Two pumps are filling large vats of liquid. One vat is empty, and the pump is filling it at a rate of 6 gallons per minute. The other vat already contains 28 gallons and is continuing to fill at a rate of 4 gallons per minute. When will the two vats have the same amount of liquid?

1 answer

Let \( t \) be the time in minutes after we start filling the vats.

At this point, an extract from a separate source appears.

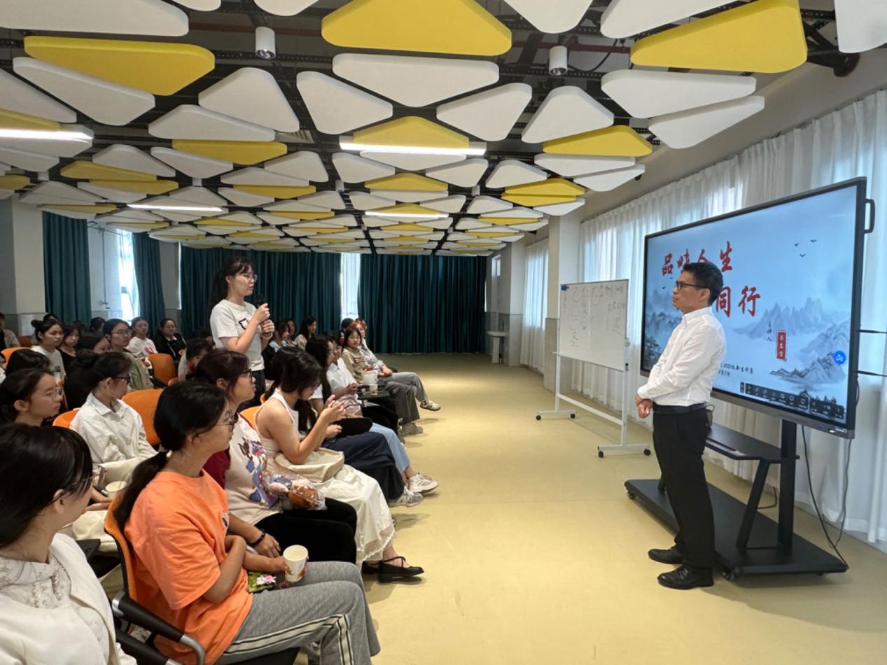 11月8日上午,我校党委副书记、纪委书记蔡东宝在人文艺术大楼505室为学前教育与人文学院2023级全体学生作题为“品味人生,与爱同行”的人文讲座。相关专业教师、辅导员代表参加了本次讲座。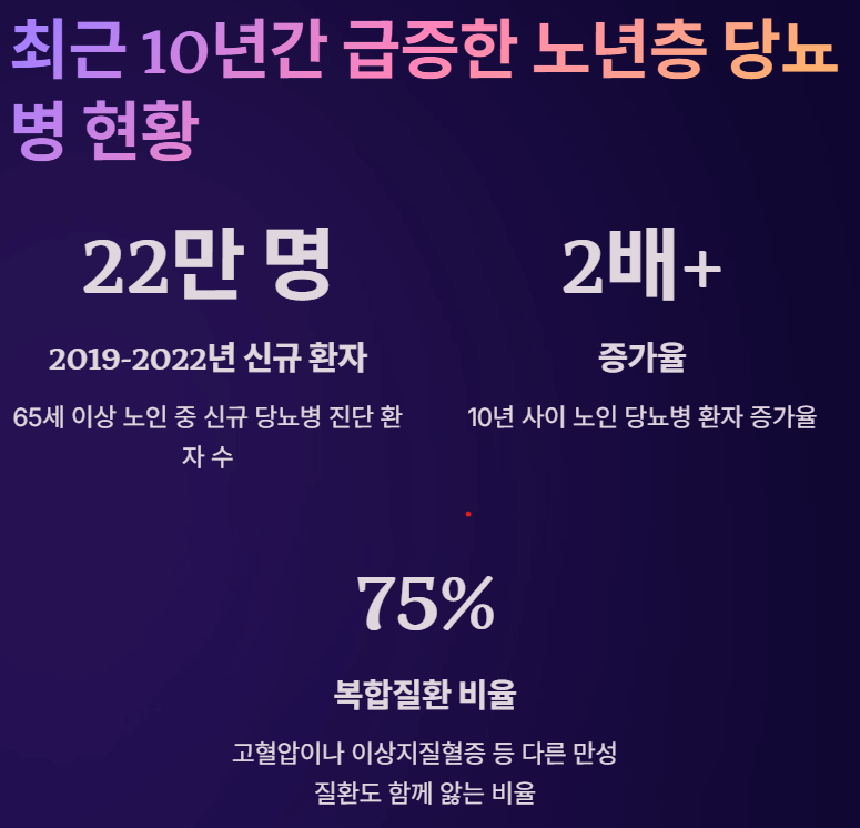 이처럼 복합적인 건강 문제를 가진 노년층 당뇨병 환자가 급증하면서 의료계에서는 노인 맞춤형 당뇨 관리의 중요성이 더욱 강조되고 있습니다.

For the first vat, which starts empty and fills at a rate of 6 gallons per minute, the amount of liquid in the vat after \( t \) minutes is given by:

\[ A(t) = 6t \]

For the second vat, which already contains 28 gallons and fills at a rate of 4 gallons per minute, the amount of liquid in the vat after \( t \) minutes is given by:

\[ B(t) = 28 + 4t \]

We want to find the time \( t \) when both vats have the same amount of liquid, so we set \( A(t) \) equal to \( B(t) \):

\[ 6t = 28 + 4t \]

Next, we will solve for \( t \):

  1. Subtract \( 4t \) from both sides:

\[ 6t - 4t = 28 \]

  1. Simplify the left side:

\[ 2t = 28 \]

  1. Divide both sides by 2:

\[ t = 14 \]

Now, we need to verify that this indeed gives both vats the same amount of liquid. We can substitute \( t = 14 \) back into the equations for the amounts of liquid in both vats.

  1. For the first vat:

\[ A(14) = 6 \times 14 = 84 \text{ gallons} \]

  1. For the second vat:

\[ B(14) = 28 + 4 \times 14 = 28 + 56 = 84 \text{ gallons} \]

Since both vats contain 84 gallons when \( t = 14 \), we conclude that the solution is verified. Therefore, the time when the two vats will have the same amount of liquid is

\[ \boxed{14} \text{ minutes}. \]